Evidence for superfluidity in an atom-based Fermi gas has been observed
for the first time by researchers at Duke University (including John
Thomas, 919-660-2508, jet@phy.duke.edu, and Michael Gehm, mgehm@ee.duke.edu,
919-403-5003). In essence, the researchers have observed an ultracold
gas of lithium-6 atoms acting as one big vibrating "jelly."

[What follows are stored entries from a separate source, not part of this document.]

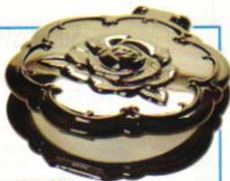
Miroir précieux, 28 $, Anna Sui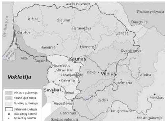
5 pav. Rusijos Kauno gubernijos ribos 1867–1914 m. Iliustracija iš B. Jankausko archyvo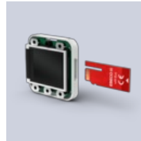
EB-Connect wM- Bus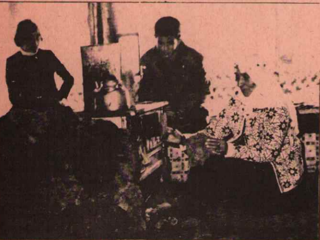
Pülümür'de tezeğin kilosu 3 liraya yükseldi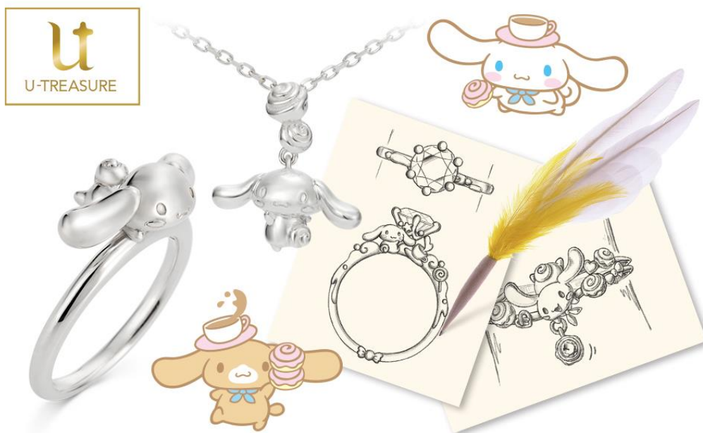
左) ユートレジャーオリジナル・シナモロールジュエリー、右) シナモロールのオーダーメイドジュエリーデザイン画

http://www.u-treasure-onlineshop.jp/news/cinnamorollbirthdayfair2018/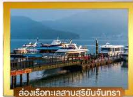
ล่องเรือทะเลสาบสุริยอินจินทรา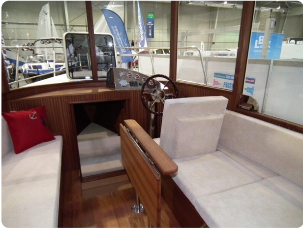
Hausboot SM 30 msp-398859 (18)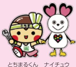
とちまるくん ナイチュウ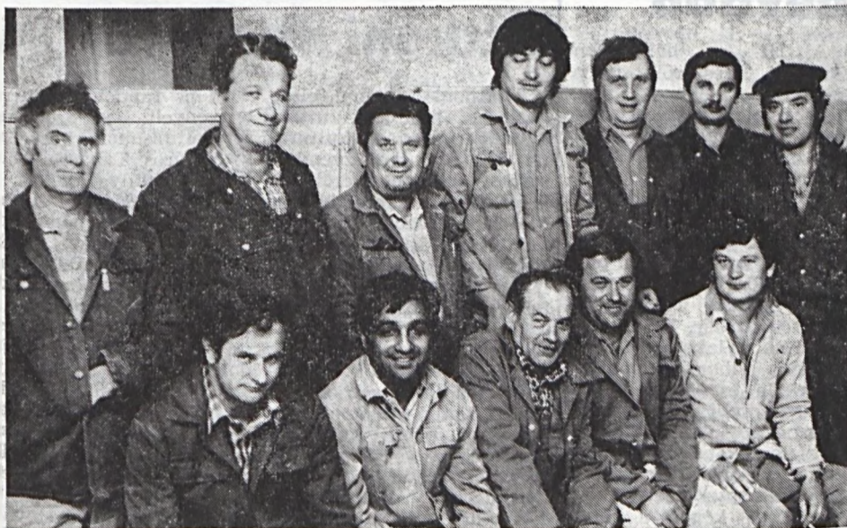
A jól végzett munka tudatában, az arcokon derű és mosoly.

While the jelly-like (or "hydrodynamic") behavior could arise in ordinary
versions of ultracold lithium gases, the researchers found evidence
that their gas was a superfluid, a "perfect" jelly which vibrates for
a long time after being shaken.
The properties of the atomic jelly can provide information on other
superfluid systems (such as neutron
stars). The behavior of the jelly could even help determine whether
it's physically possible to create superconductors
which operate well above room temperature, which could lead to breakthroughs
ranging from widely available energy-saving power lines to magnetically
levitated trains. What's shared by all these systems, from a quark-gluon
plasma to neutrons in neutron stars, is that they are made of strongly
interacting pairs of "spin-up" and "spin-down" particles (spin up/down
is analogous to the atoms having bar magnets pointing in opposite directions).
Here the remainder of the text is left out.